Here is an example of a control file to describe 2 tests for systemd:

Tests: timedated, hostnamed
Depends: systemd,
  acl,
  tzdata,
Restrictions: needs-root, isolation-container

In the example, it references 2 tests (timedated and hostnamed) with the needed packages to install and the features needed on the system under test (root access and container isolation in the example).

The tests themselves are described in the files named from the Tests field (timedated and hostnamed in the example) and they need to be executable. They can be programmed in any language (shell, python, ansible...).

Functional tests that are included in the source tree of the package could be packaged and driven through the test scripts.

Some tests could be reused from the Debian/Ubuntu packages allowing more collaboration with these Linux distributions. They have more than 6000 packages with tests.

Staging

The system under test needs to be selected according the Restrictions field. This will allow to run tests on light setups to full systems: from chroot, schroot, container, ssh accessible system (vm or bare metal)...

Invocation

We have 2 options: port the autopkgtest tool to support rpm/dnf (a partial port is already available) or write a program that reads the tests/control file, copy the needed the files into the system under test and run the corresponding test scripts.
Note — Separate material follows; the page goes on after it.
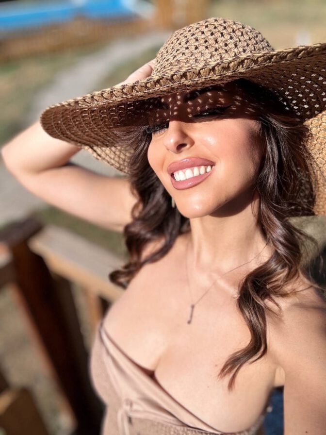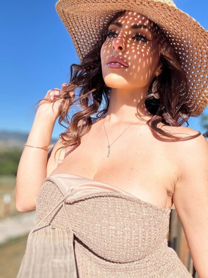 Her striking cleavage spills from the daring satin bandeau top, creating a captivating display that sparkles in the sunshine, enhanced by playful dotted reflections. An oversized woven straw hat casts charming shadows across her radiant face and décolletage as she grins with her luscious pink lips.

Here is an invocation of autopkgtest to run test timedated on a remote system 192.168.122.215 launched from a Fedora 25 system:

$ autopkgtest -B --test-name timedated $PWD -- ssh --capability isolation-machine --capability root-on-testbed -H 192.168.122.215 -l user
autopkgtest [21:16:18]: host localhost.localdomain; command line: /home/fred/external/autopkgtest/runner/autopkgtest -B --test-name timedated /home/fred/external/systemd -- ssh --capability isolation-machine --capability root-on-testbed -H 192.168.122.215 -l user
autopkgtest [21:16:19]: testbed architecture: x86_64
autopkgtest [21:16:20]: testbed running kernel: Linux 4.11.0-0.rc5.git4.1.fc27.x86_64 #1 SMP Fri Apr 7 14:30:32 UTC 2017
autopkgtest [21:16:20]: @@@@@@@@@@@@@@@@@@@@ built-tree /home/fred/external/systemd
autopkgtest [21:16:20]: test timedated: preparing testbed
autopkgtest [21:16:20]: test timedated: publishing
Python detected LC_CTYPE=C: LC_ALL & LANG coerced to C.UTF-8 (set another locale or PYTHONCOERCECLOCALE=0 to disable this locale coercion behaviour).
Last metadata expiration check: 1:32:45 ago on Thu Apr 13 20:43:35 2017 MSK.
Package systemd-233-2.fc27.x86_64 is already installed, skipping.
Package acl-2.2.52-13.fc26.x86_64 is already installed, skipping.
Package tzdata-2017b-1.fc27.noarch is already installed, skipping.
Dependencies resolved.
Nothing to do.
Complete!
autopkgtest [21:16:25]: test timedated: [-----------------------
original tz: Europe/Moscow
timedatectl works
change timezone
reset timezone to original
autopkgtest [21:16:26]: test timedated: -----------------------]
autopkgtest [21:16:27]: test timedated:  - - - - - - - - - - results - - - - - - - - - -
timedated            PASS
autopkgtest [21:16:27]: @@@@@@@@@@@@@@@@@@@@ summary
timedated            PASS

autopkgtest can also invoke tests locally using the null target but at the launcher own risks.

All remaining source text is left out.